Beschreibung
In Europa erfand man sich aus den bruchstückhaften Informationen über China seit den ersten Berichten der Jesuiten zunächst das utopische Bild eines aufgeklärten Staates, das man in spielerischer Weise in die eigene Welt - meist als Architektur-Chinoiserie oder als mit chinesischen Papierbildern tapezierte Räume - integrierte. Dort spielte man sozusagen China. Am Ende des 18. und Beginn des 19. Jahrhunderts lösten Übersetzungen originaler chinesischer Literatur die im Westen erfundenen chinesischen" Geschichten ab. Goethe, Heine und Rückert waren fasziniert von der Zierlichkeit" (Goethe) dieser literarischen Welt.
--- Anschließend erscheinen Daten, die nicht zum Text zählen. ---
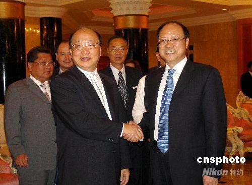 七月七日中午,中共中央臺辦、國臺辦常務副主任鄭立中(前右),在廈門親切會見搭乘周末包機從臺中首航廈門的臺中市市長胡志強(前左)一行。圖為兩人熱烈握手致意。中新社發 楊伏山 攝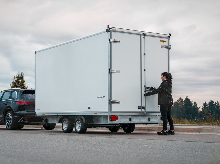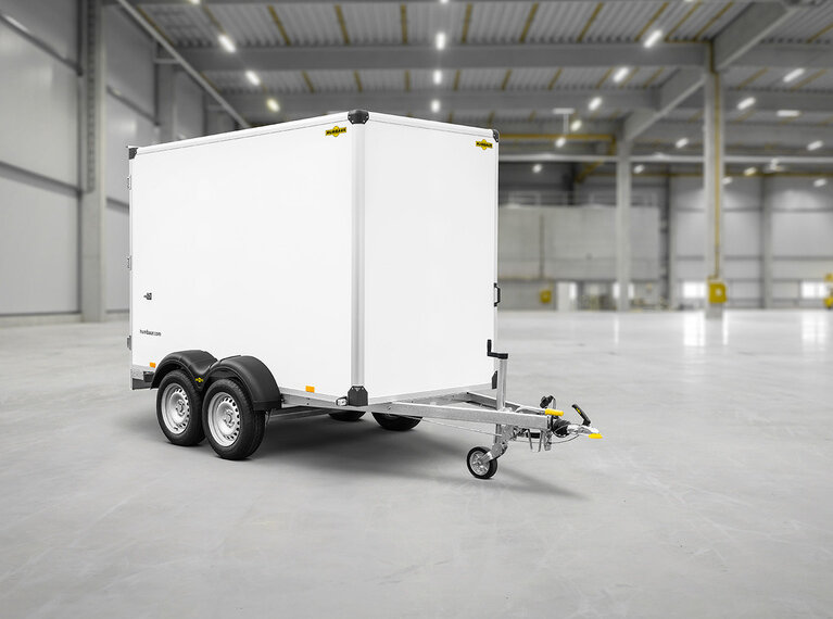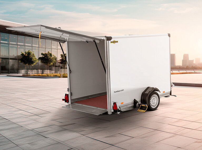 Der clevere Kofferanhänger mit intelligenter Absenkmechanik. Die Ladefläche kommt Ihnen beim Be- und Entladen entgegen. Es entsteht ein flacher Auffahrwinkel von nur 4 bis 6 Grad. Mit der integrierten Auffahrklappe und nach oben öffnender Heckklappe ist dieser Anhänger der perfekte Partner für bequemes Verladen.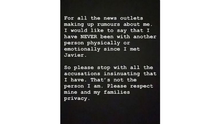 "Para todos los medios de comunicación que inventan rumores sobre mí. Me gustaría decir que NUNCA he estado con otra persona física o emocionalmente desde que conocí a Javier", escribió.

Der Kolonialismus führte zu einem vollständigen Wandel der Wahrnehmung Chinas und der Chinesen. Die Vorstellung von ihrer besonderen Grausamkeit wurde populär und endete im Slogan von der gelben Gefahr. Das hinderte jedoch nicht, dass sich während dieser Auseinandersetzungen, vor allem vermittelt über Japan und die begeisterte Aufnahme japanischer Kunst im Europa der zweiten Hälfte des Jahrhunderts, eine neue Wissenschaft - die Sinologie - und damit auch die Wertschätzung der bis dahin unbekannten Malerei der Gelehrten" und ihrer Kunsttheorie zu etablieren begann. Vom europäischen Blick auf China, den vielfältigen Beziehungen Europas zu China und Missverständnissen, den auf Bildwelten gegründeten Narrativen und dem Spiel Europas mit einem fiktiven China handelt das letzte große Buch von Hans Holländer.
Autorenportrait
Hans Holländer (1932 -2017) war einer der profiliertesten Kunsthistoriker Deutschlands. Holländer begann sein Studium 1952 in den Fächern Physik und Mathematik in Hamburg war zwischenzeitig Bergarbeiter in Castrop-Rauxel, wo er es bis zum Lehrhauer brachte, und wurde in Tübingen nach seinem Studium sein Studium in den Fächern Kunstgeschichte, Philosophie und Archäologie 1959 wurde er in Tübingen mit einer Arbeit über Das romanische Tympanon" promoviert. Ab 1961 Assistent am Kunsthistorischen Institut in Tübingen, 1964 Habilitation mit einer Arbeit über Mittelalterliche Evangelistenbilder", Holländer erhielt eine Dozentur für das Fach Kunstgeschichte. 1971 erfolgte sein Ruf auf den Lehrstuhl für Kunstgeschichte an der RWTH Aachen, den er bis zu seiner Emeritierung 1997 innehatte. Durch Vorträge, Gutachten und Mitwirkung bei Ausstellungen war Holländer über viele Jahre hinweg der Universität für angewandte Kunst Wien sehr verpflichtet. Schwerpunkte seiner Forschungen und Publikationen: Bücher und Aufsätze zum Frühen Mittelalter, zum Thema Kunstkammer und zum Manierismus, zum Thema Augenblick und Zeitpunkt, zum Surrealismus und zum Phantastischen, zur Anderen Seite der Moderne, zu Hieronymus Bosch, Leonardo da Vinci, Piranesi, Francisco Goya, Rudolf Hausner, Paul Wunderlich und zur Geschichte und Theorie des Spiels. Ernst Strouhal, ao. Univ.-Prof. an der Universität für angewandte Kunst Wien (Abt. f. Kulturwissenschaften); Lektor an der Technischen Universität Wien u. an der Universität für darstellende Kunst Autor, Publizist, Mitarbeit bei vielen Ausstellungen. 2010 Österr. Staatspreis für Kulturpublizistik. Zuletzt u. a. in Buchform erschienen: Arnold Schönberg - Spiele, Konstruktionen, Bricolagen (2004); Rare Künste. Zur Kultur- und Mediengeschichte der Zauberkunst (2008, gem. mit B. Felderer); Umweg nach Buckow. Bildunterschriften (2009); Spiel und Bürgerlichkeit. (2010, Hrsg. gem. mit U. Schädler); Das Spiel und seine Grenzen (2010; Hrsg. gem. mit M. Fuchs); Spiele der Stadt. Glück, Gewinn und Zeitvertreib (2012, Hrsg. gem. mit M. Zollinger, B. Felderer); Im Zoo der imaginären Tiere. Vom Projekt einer ästhetischen Menagerie (2012); Marcel Duchamp / Vitali Halberstadt (2013); Die Welt im Spiel. Atlas der spielbaren Landkarten (2015); Agon und Ares. Der Krieg und die Spiele (Hrsg., 2016); Böse Briefe. Eine Geschichte des Drohens und Erpressens (gem. mit C. Winder, 2017).